АТАКИ

АТАКИ

После Харькова наступление разрасталось. Мой батальон шел на Сумы. Мы заняли станцию Смородино, село Тростинец. Там, на сахарном заводе, я соблазнился ночью горячей ванной. В это время красные как раз налетели на сторожевое охранение. Я выскочил из ванной комнаты в одной гимнастерке на голые плечи. Сторожевое охранение и резервная рота налет отбили.

С утра батальон двинулся левее железной дороги к Сумам. По рельсам наступал 2-й Дроздовский офицерский стрелковый полк, сформированный после Харькова. Его наступление задерживали красные бронепоезда, а мы до вечера натыкались на одни разъезды.

На ночлег я стал на холмах над железной дорогой. В ясном вечернем воздухе хорошо был виден верстах в трех от нас наступающий 2-й полк, перед ним — бронепоезд красных. Мы оказались у него в тылу. Подрывники взорвали полотно. Бронепоезд полным ходом стал отступать от нас, но он должен был остановиться у взорванной стрелки. Наша 1-я батарея открыла беглый огонь, а мы пошли на него в атаку. Под огнем красные выскакивали под откос; многих перебили, кое-кому удалось бежать.

Мы подошли к бронепоезду. Его стенки были нагреты выстрелами, над железными площадками волоклась гарь. Помятые фуражки с красными звездами, тряпье, патронные гильзы были разбросаны по железному полу. Желтый мертвец, перегнувшись надвое, закостенел у пушки.

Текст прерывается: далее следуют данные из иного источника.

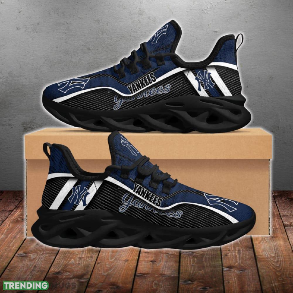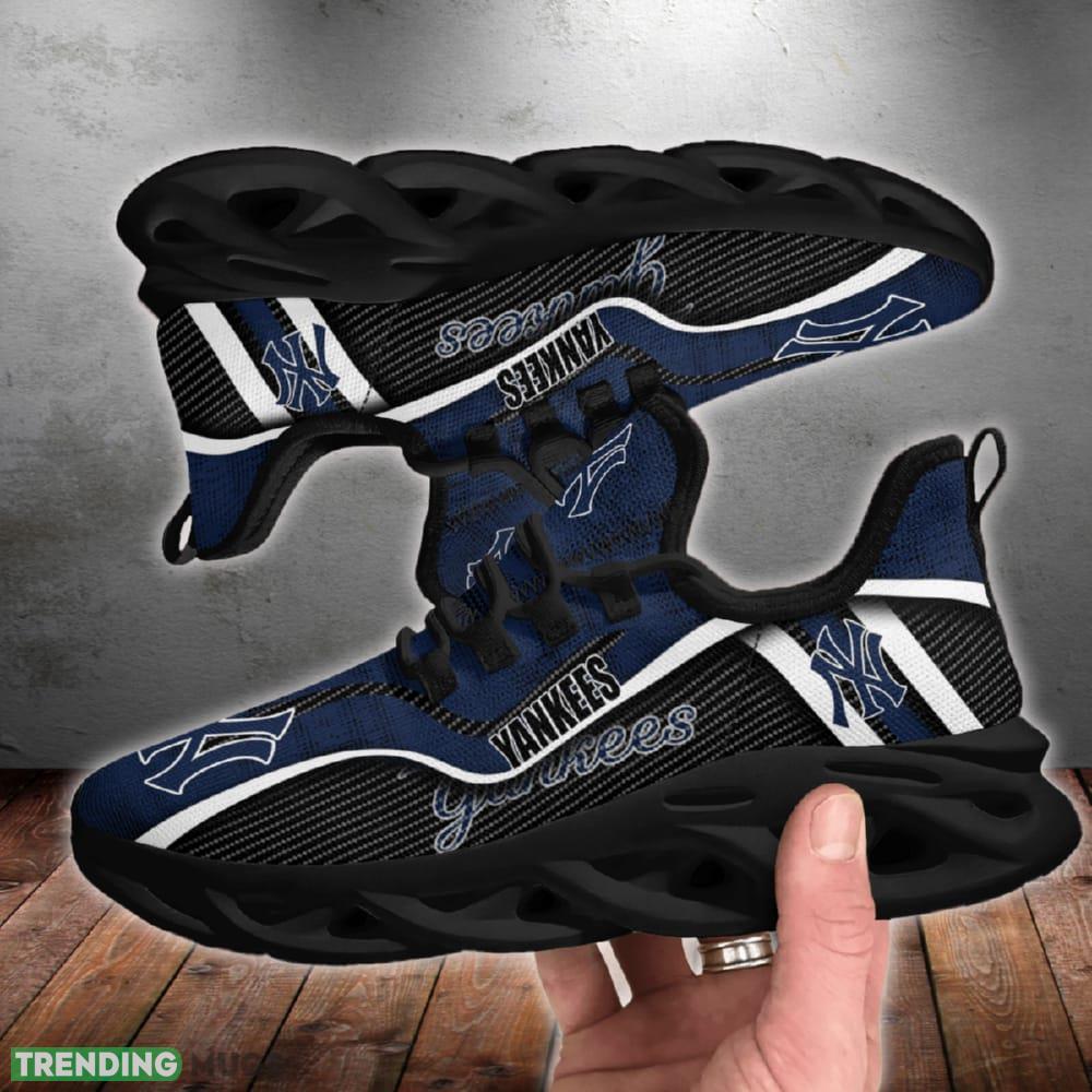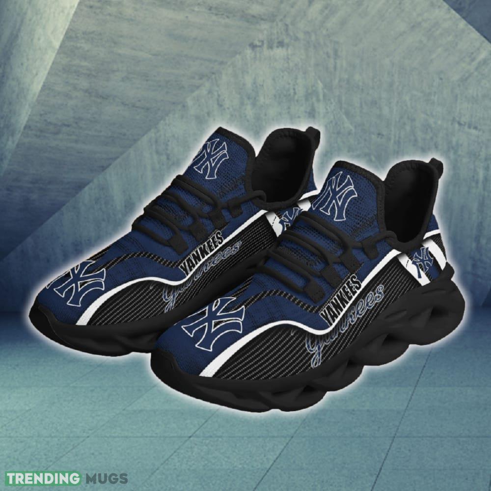 This New York Yankees Jumpstart Badge Chunky Shoes New Max Soul Sneakers Men Gift is a breathable, lightweight, and comfortable casual outdoor shoe that has a unique design. It is made of a mesh fabric which makes it sweat absorbent and breathable, while the rubber bottom ensures traction, comfort, and durability. It is available in two colors: black or white sole. There are two styles of shoelace holes so you can choose your preference.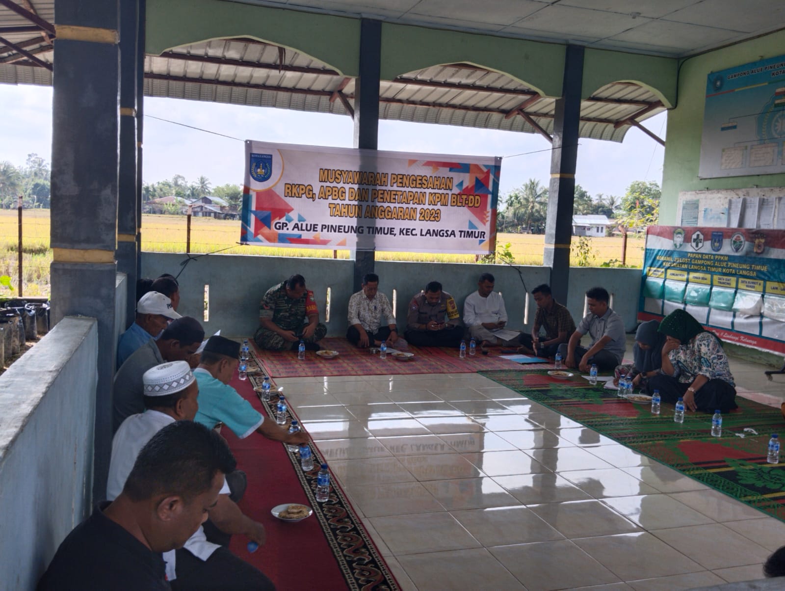 FOKUSPOST.COM | Langsa – Kopda Swandika Babinsa Koramil 23 /Lgst dan Bripka Erizal Bhabinkamtibmas Polsek Langsa Timur bersinergi dalam pelaksanaan musyawarah dan pengesahan APBG,RKPG dan penetapan KPM BLT-DD Tahun Anggaran 2023 yang bertempat di Aula Kantor Geuchik Gampong Alue Pineung timur Kecamatan Langsa Timur Kota Langsa.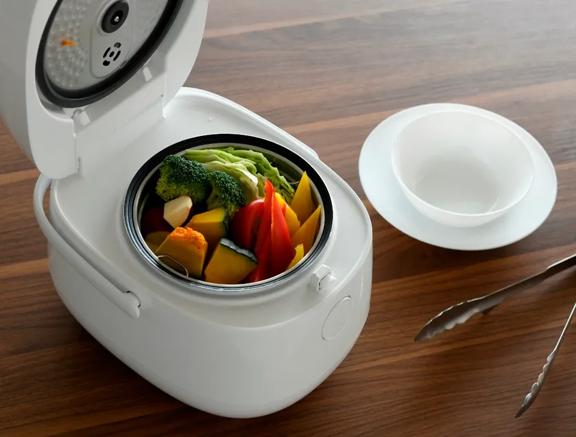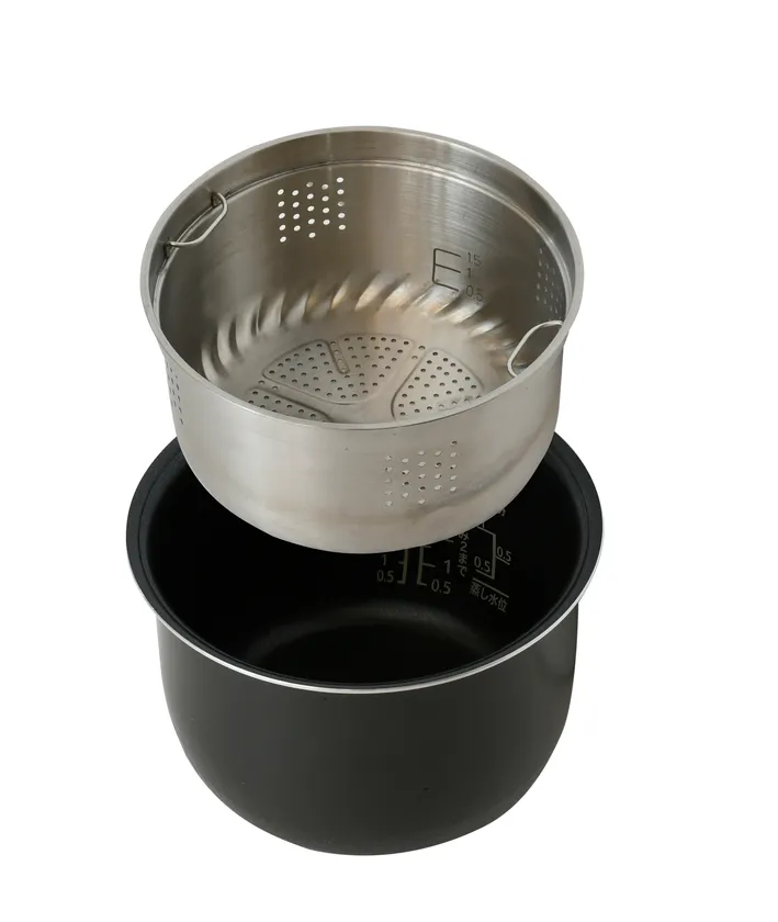 内釜を外すと3合までの通常炊飯が可能です。また、内釜を使用し、魚・肉・野菜などを蒸し料理にして楽しむこともでき、一台で糖質制限料理の幅が広がります。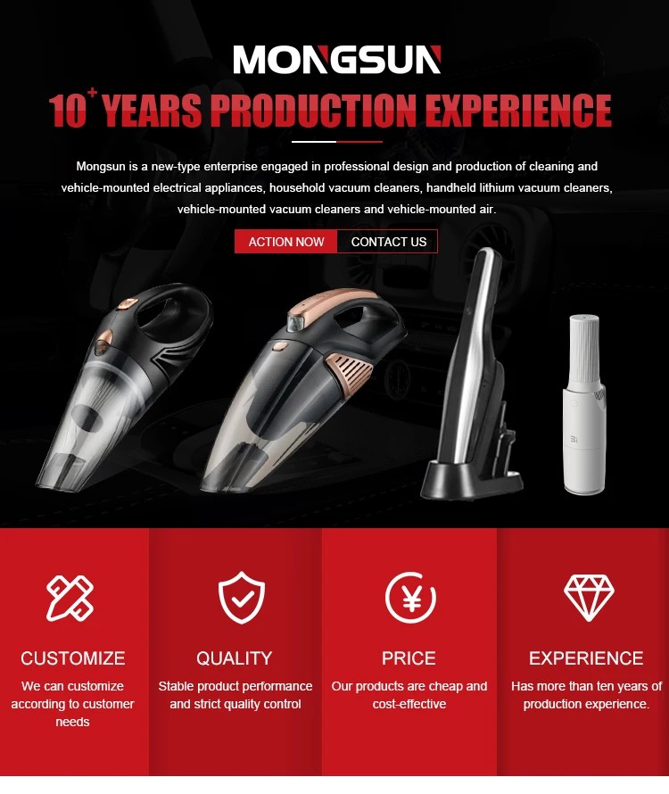 Copper motor, vacuum degree, stable power, low noise, high power, secondary air cover structure, aluminum air leaf, PET filter, secondary filter cover, power line card protection, Led lighting, dustproof baffle, color box with handle, packaging heat shrinkable film processing, cigarette tip with fuse.
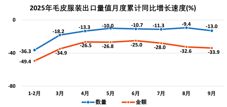 (6)毛皮服装出口额降幅继续加大 进口额降幅收窄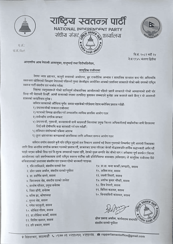 काठमाडौं, २४ भदौ। राष्ट्रिय स्वतन्त्र पार्टी (रास्वपा) का २० जना सांसदले सामूहिक राजीनामा दिएका छन्। जेनजी पुस्ताद्वारा सुरु गरिएको शान्तिपूर्ण आन्दोलनमाथि सरकारले गरेको दमन र दर्जनौं युवाको ज्यान गएपछि रास्वपाले यस्तो कदम चालेको हो।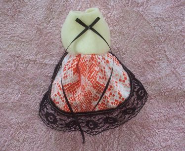 The waist measurement on this Dress is approx 7 3/4", it does have a bit of stretch in it, and the outfit is approx 6 1/2" from neck to tail.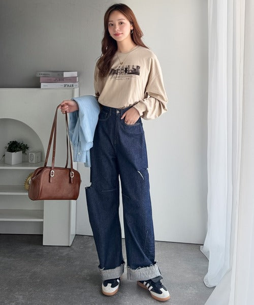 カーブデニムやスウェットパンツなど様々なシルエットのボトムスとの相性も抜群♪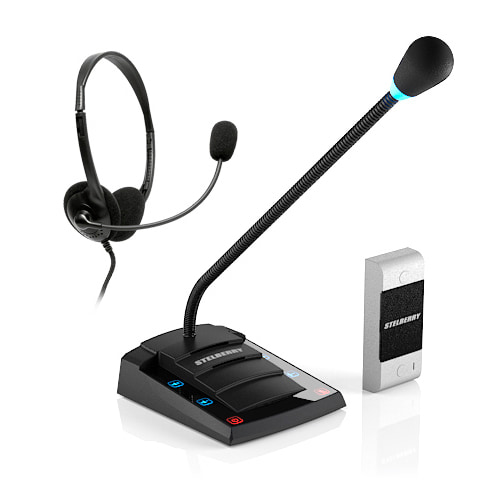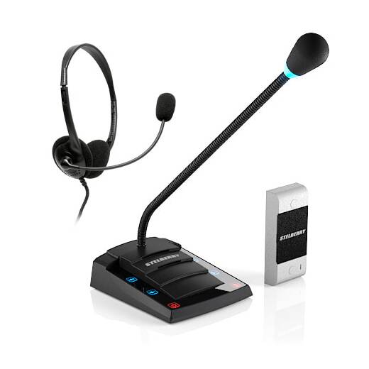 Stelberry S-402 – дуплексное переговорное устройство "клиент-кассир" с возможностью подключения гарнитуры (в комплекте) и выходом для записи переговоров.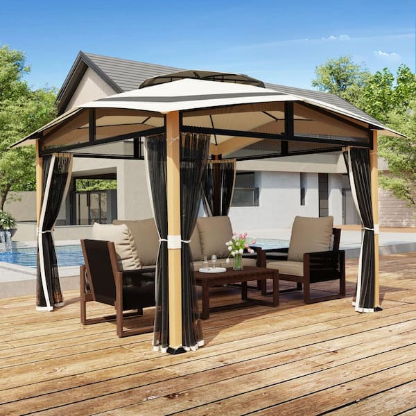11 ft. x 11 ft. Beige Outdoor Patio Steel Frame Soft Top 2-tier Gazebo with Mosquito Netting and Canopy Top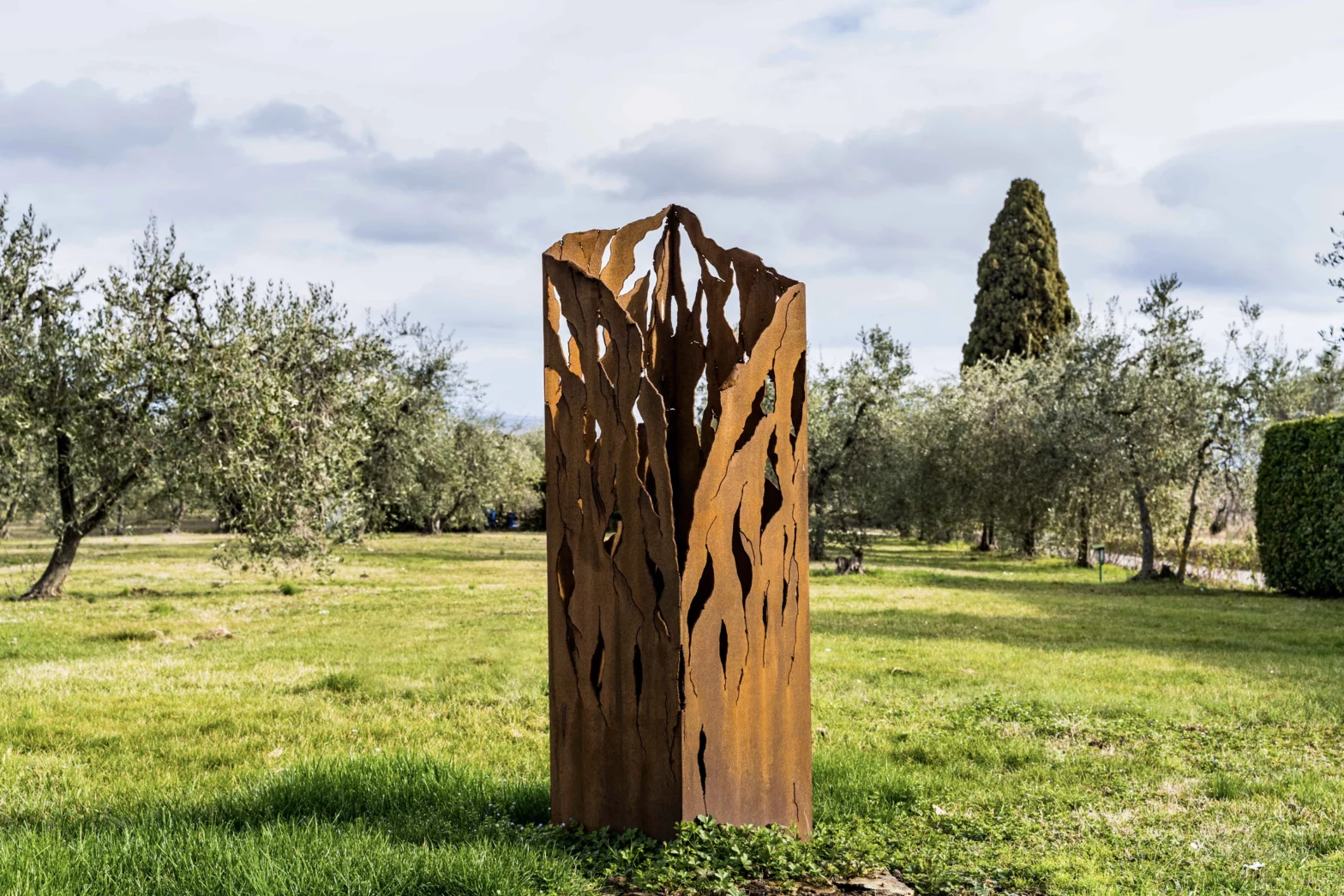 Iron and Fire si configura come un tripudio della materia e della sua trasformazione. La scultura è costituita da una colonna quadrangolare vuota, costituita da una superficie, in corten, segnata da alcune lacerazioni, come se fosse appena stata bruciata. Paolo Fusi evoca la forza primordiale degli elementi e connota la colonna di significati spirituali. Si tratta sostanzialmente di un totem aperto che crea interazione fra la terra e il cielo.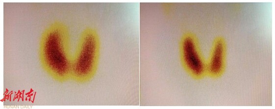 △甲状腺显像图,治疗前(左),治疗后(右)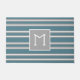 Modern design features a turquoise background with a simple stripe pattern in grey and white. Customize with a single initial monogram.
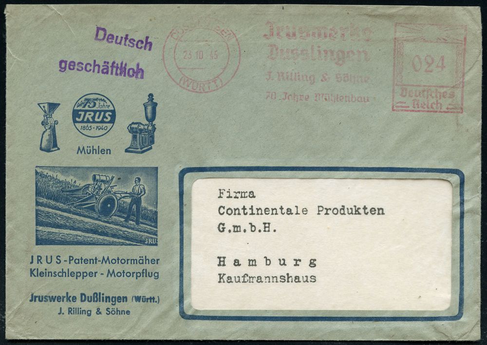 4620 | 28 € | POSTLEITRAUM 7400 (OHNE REUTLINGEN u. TÜBINGEN) : DUSSLINGEN/ (WÜRTT)/ Jruswerke/ ..J.Rilling & Söhne 1945 (23.10.) seltener, aptierter AFS Francotyp "Hakenkreuz" ) entfernt = Notmaßnahme! , zeitbedingt etw. schwach auf Reklame-Bf.: JRUS-Patent-Rasenmäher, Kleinschlepper - Motorpflug (Motorpflug u. Mühlen) Fern-Bf., vergl. Kat.-Nr. 4619 (Dü.E-12 K-98o) | ![]() | |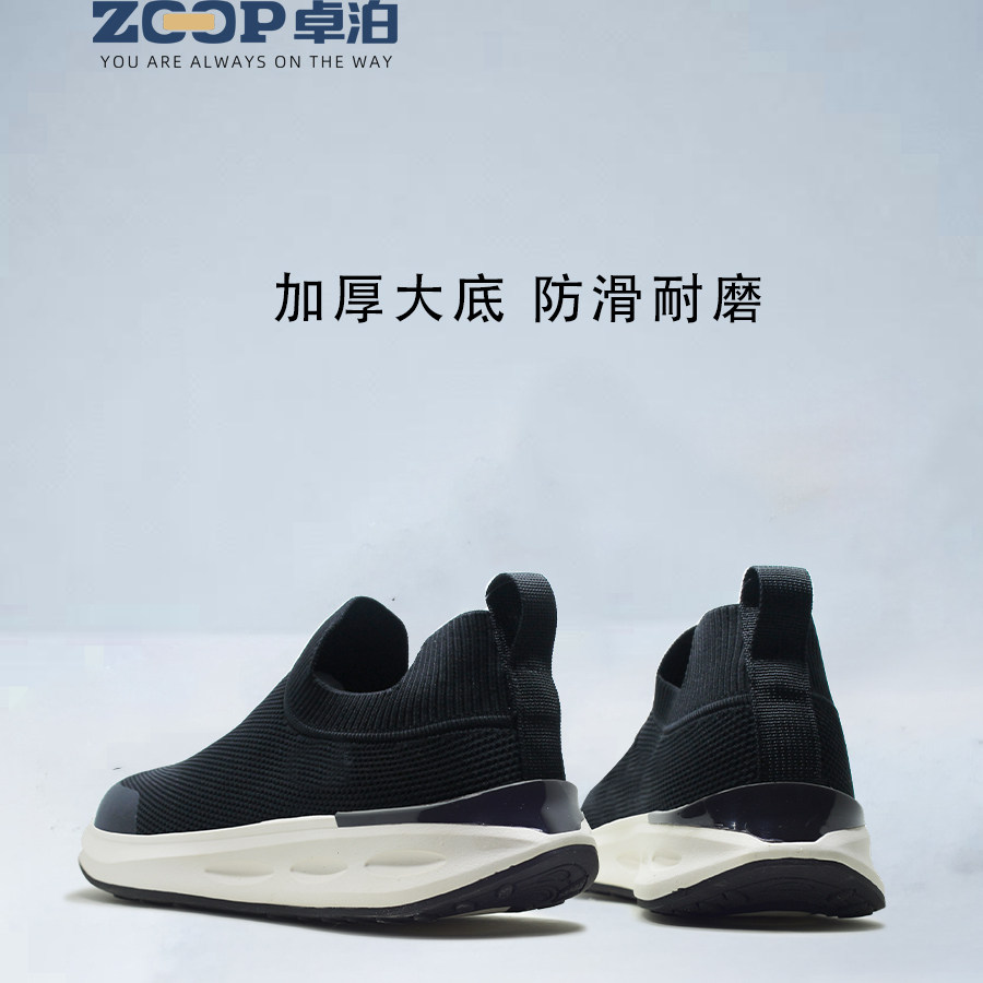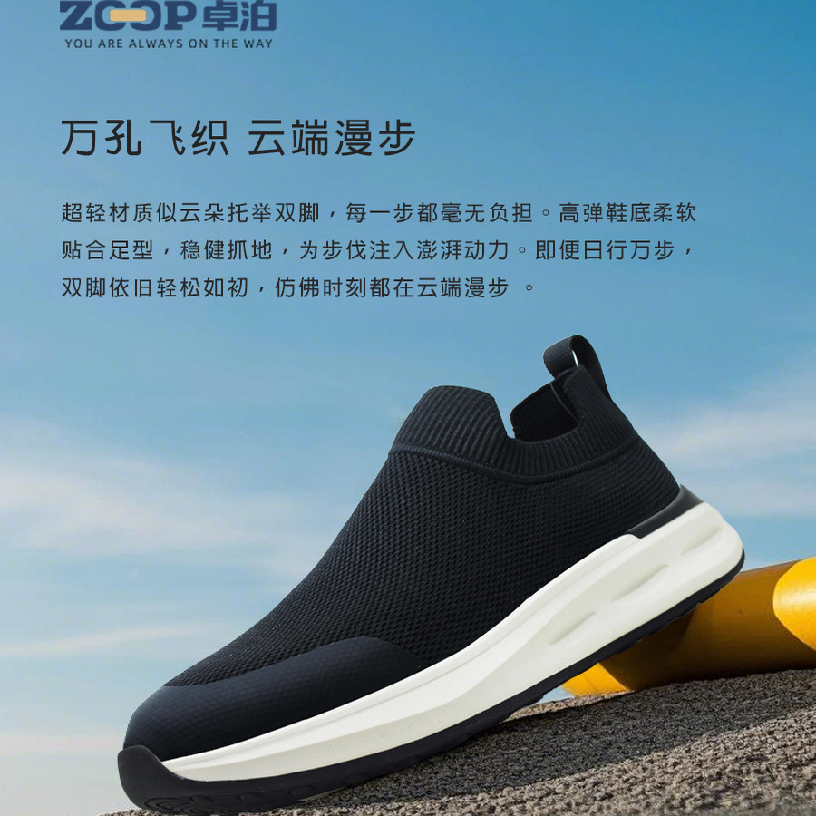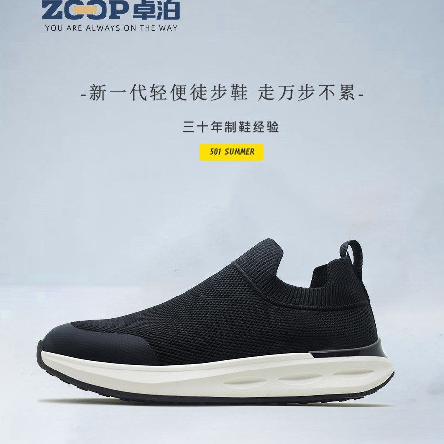 卓泊一脚蹬懒人鞋透气网面休闲鞋男厚底飞织健步鞋子男鞋网鞋软弹

Патронами мы завалили наши патронные двуколки. Я распорядился снять с бронепоезда пулеметы и замки с пушек, а командиру 2-го полка послать донесение с просьбой вывезти взятый трофей. От 2-го полка подошли разъезды, и я ушел к себе на холмы.

На рассвете, проснувшись, я первым делом посмотрел в окно, откуда были видны рельсы и станция. Курился низкий пар. Опрокинутая броневая площадка, румяная от пара, торчала у рельсов. А бронепоезд исчез! Как наваждение: был и нет. Я даже протер глаза.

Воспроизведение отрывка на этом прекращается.